Michael Hildner:I just didn't see the advantage of installing anything in the GAC - nothing that offset the maintenance. Disk space is cheap :)
Good point. I may be a bit too concerned about just a few MBs.
Michael Hildner:Not sure if you know how ClickOnce works, hope I'm not saying something you already know, but once your app is installed, and then you update your assemblies, only the modifed assemblies get sent over the wire. For example, one app I have and update regularly is only about 2-3 megs for the GUI and business library. That's usually the only thing that changes, so that's all the user has to wait for. Recently I upgraded to Infragistics 6.3, so that deployment was about 31 megs total.
>>you wouldn't want the user to be able to run the app while only the new UI has been updated so far and the remainder is still in progress
That doesn't happen, nothing to worry about there. I think ClickOnce is great, I'd go for it.

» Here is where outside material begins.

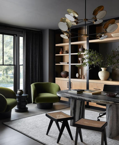 View full detailsDescription The Kelly Wearstler Melange Floating Disc Chandelier effortlessly pairs natural alabaster with sleek metal to form a streamlined geom...
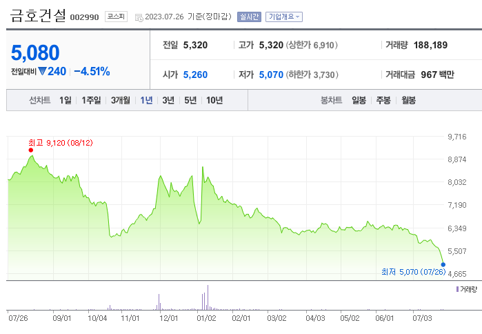 이 글에서는 금호건설 주가 전망과 목표 주가, 기업 정보에 대해서 설명합니다. 주식을 사기 전에 기업 현황고 현재 시장 흐름에 대해서 살펴보는 것이 중요합니다. 금호건설 주식의 주요 현황과 투자 정보를 확인하시고 현재 시장 현황을 살펴보겠습니다.

Here's a helpful FAQ http://www.windowsforms.net/FAQs/default.aspx?PageID=1&CategoryID=24&tabindex=2
ajj3085:
Just one word of warning; the user can Skip the update if its detected. Because of this, my application checks its version number against a value stored in the database, which defines the minium version of the application to run. That way, I can keep older clients out in case the database structure has changed.